**** Data for analysis

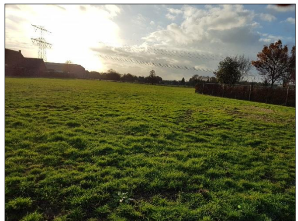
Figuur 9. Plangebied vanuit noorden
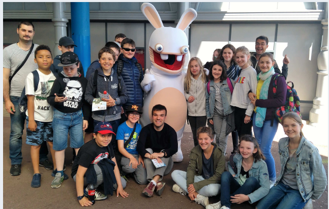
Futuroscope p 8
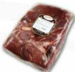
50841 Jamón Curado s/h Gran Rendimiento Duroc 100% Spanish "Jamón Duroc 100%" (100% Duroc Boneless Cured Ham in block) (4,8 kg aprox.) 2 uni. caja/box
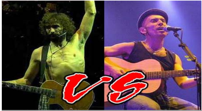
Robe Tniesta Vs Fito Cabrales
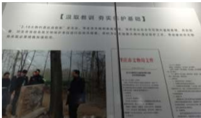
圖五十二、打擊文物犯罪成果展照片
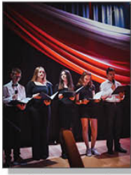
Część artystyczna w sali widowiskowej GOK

********
**** Data for analysis

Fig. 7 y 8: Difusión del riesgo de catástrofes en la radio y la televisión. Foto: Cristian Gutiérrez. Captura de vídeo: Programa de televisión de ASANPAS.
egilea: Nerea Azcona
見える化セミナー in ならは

********

How to complete this task: For the data above, set down exactly the lines from the line with "Figuur 9. Plangebied vanuit noorden" to the line with "Część artystyczna w sali widowiskowej GOK", both included, leaving pictures out.

Answer box:
Figuur 9. Plangebied vanuit noorden
Futuroscope p 8
50841 Jamón Curado s/h Gran Rendimiento Duroc 100% Spanish "Jamón Duroc 100%" (100% Duroc Boneless Cured Ham in block) (4,8 kg aprox.) 2 uni. caja/box
Robe Tniesta Vs Fito Cabrales
圖五十二、打擊文物犯罪成果展照片
Część artystyczna w sali widowiskowej GOK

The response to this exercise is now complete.